Regretfully, with all the divorces of couples with young children, all the births out of wedlock, and the lack of stable extended families, it is more likely that our babies, age birth to 3, will experience great chaos in their little lives. Because the frontal lobe which regulates self soothing and attachment ability is mostly formed then, I see the treatment of borderline personality disorder as a "growth" industry. More and more of us will be dealing with people with these warped ways of thinking as co-workers, family members, neighbors etc. It really helps to know what you are dealing with the when someone is BPD and once you know the "traits" it is not hard to pick them out. One in ten borderlines now commit suicide. They engage in destructive self soothing like impulsive sex, shopping, drug and alcohol use and addiction. The good thing is that this incorrect way of thinking can be modified with therapies that have been developed in the last 40 years so there is hope. We need to figure out how we can make the therapy affordable. As a society, we also need to emphasize the NEED for children birth to three to have a secure home, a regular routine and consistent affectionate care from the same people as much as possible during those years so as to do all we can to prevent the development of more BPD citizens.
★ ★ ★ ★ ☆
amy brobst
As a non-BPD, this book was like an autobiography.
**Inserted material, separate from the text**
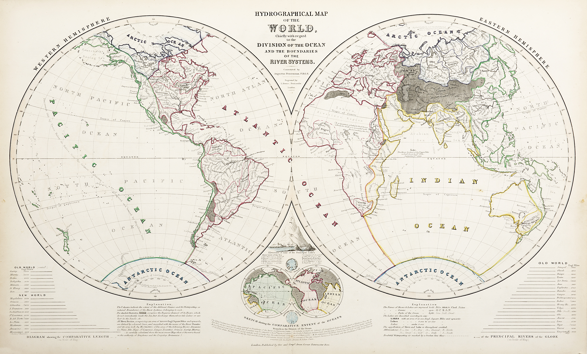 Detailed c.19th world map showing the boundaries of the oceans and main rivers. A small double hemisphere world map at bottom shows the comparative extent of the oceans. A key of explanations is at the bottom.

It was so comforting to know my experiences and struggles were not unique and that thousands (probably millions) have gone though the same situation. I thought there was something incredibly wrong with me and this book helped me understand my former partners actions and behavior. I wish I had read this book years ago but I had no idea my partner suffered from this condition until after the relationship had been destroyed.
★ ★ ★ ★ ☆
kerry
I was in a long term relationship with a Borderline, and this book really helped me out. At some point it's likely that you will think you're the problem, and you can start to chase your own tail. This book is far from perfect, but it gave me a dose of reality, let me know I was not alone, and gave me some tools to cope.
★ ★ ★ ☆ ☆
ebellis
While this book has some really great points for those who love someone with BPD, it does make people with BPD sound like evil soul eaters. It's makes it out like they are all violent, abusive, dangerous people who will beat you to death both physically and emotionally at every turn. It's at a level that is allllmost comical. If you can put that aside its an ok book.
★ ★ ★ ★ ★
katja
This is a great book! I teach about personality disorders to caregivers and nurses, and am often asked for a good resource to recommend to family members. This book is my number one choice for lay people and for professionals who are expanding their educations into the field of personality disorders. Stop Walking on Eggshells is comprehensive and writen in clear, plain language that most people can understand.
★ ★ ★ ☆ ☆
linda ski
The book was not my favorite. There were so many boring parts that described this disorder over and over and over. My favorite parts in the book were the little snippets of real life stories, but there were not enough of them for me. Also, I expected to see more ideas for a family to cope with this. Somewhere in the book, there was mention of a workbook so that you could begin to formalize a plan on how to deal with this. I should have purchased that in hindsight. Now I am just turned off of this particular title. It was almost to clinical for me as well. It was a fast read though and I did get some valuable websites from it so, overall I still gave it a 3. I think if you truly have someone like this in your family, you may need to look into therapy for them and the family. After studying up on this, I dont think books alone witll cut it.
★ ★ ★ ☆ ☆
janette wilcken
I ordered about five books on the subject hoping to figure out how best to deal with a narcissistic and/or sociopathic ex with a splash of borderline personalty disorder. Was hoping on insight on how to effectively raise kids with him. I guess there just aren't many great reads on the subject out there. This one was one of the more helpful ones though.
★ ★ ★ ★ ★
juank
The author explains the problem and then gives both the borderline and their families concrete instructions on how to talk with each other in productive ways that are less likely to trigger unwanted reactions. Concrete advice as to where to draw the line to protect yourself physically and emotionally is suggested. Access to online support websites is also given.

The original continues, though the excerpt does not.